Sears falls 30% on report that it stopped paying vendors
Sears stock plunged on Thursday after reports that the retailer isn’t paying companies for their products.
Three companies that sell items at Sears told Reuters that Sears had missed payments to them over the past few weeks. Sears stock fell another 30% Thursday. Sears did not respond to multiple requests for comment.
A bankruptcy could come very soon. Sears Holdings, the parent company of Sears and Kmart, faces a Monday deadline to pay $134 million in debt.
The most recent filing from Sears showed it had only $193 million of cash on hand as of August 4, the end of its last fiscal quarter. It also has $269 million available to it from lenders, according to figures it released on September 13.
Having so little cash available would make it very difficult for Sears to pay back $134 million in debt due on Monday, said Robert Schulz, chief credit analyst for the retail industry for Standard & Poor’s. A company the size of Sears needs to have cash available to pay major vendors and stock up its inventory for the holiday season. It also uses cash to pay employees and other costs. Basic administrative expenses, including payroll, came to about $300 million a month for Sears.
CEO and primary shareholder Eddie Lampert told the company’s board that it was crucial it restructure more than $5 billion it owes “without delay,” according to a recent regulatory filing. Lampert has bailed out the company by loaning it cash in return for debt backed by hard assets, such as real estate. But he has decided not to extend another lifeline to the company to make Monday’s payment, the Wall Street Journal reported Tuesday.
That would greatly narrow Sears’ options to make a payment.
“Things seem to be coming to a head with a hard stop payment due on Monday,” Schulz said.

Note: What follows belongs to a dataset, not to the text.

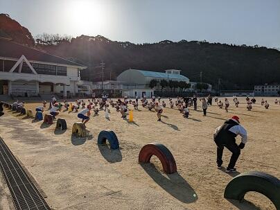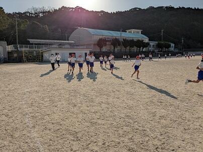 体力向上のために月曜日の朝の時間に5分間走を行っています。子どもたちが中心に準備運動なども行い、自分の体力に合わせながら、一生懸命走っています。少し寒いですが体操服になって子どもたちが一生懸命走る姿はとても気持ちがいいですね。

Companies that file for bankruptcy typically negotiate a special kind of loan to fund operations while it is in bankruptcy. There are numerous reports that Sears is in talks for that kind of financing. But negotiations don’t appear to be going well. The company’s lenders are encouraging Sears to shut down and liquidate, according to the Wall Street Journal. Sears’ management has reportedly said it hopes to use Chapter 11 of the bankruptcy law to stay in business rather than Chapter 7, which leads to closing.
If Sears (SHLD) does file using Chapter 11, it could try to stay in business, using the court process to shed debt and unaffordable leases. It could attempt to emerge as a profitable company.
But the retail landscape is littered with out-of-business brands that tried to reorganize in the bankruptcy process and liquidated their businesses instead. In just the last few years RadioShack, Toys “R” Us and Sports Authority have all followed the path to the retailer graveyard.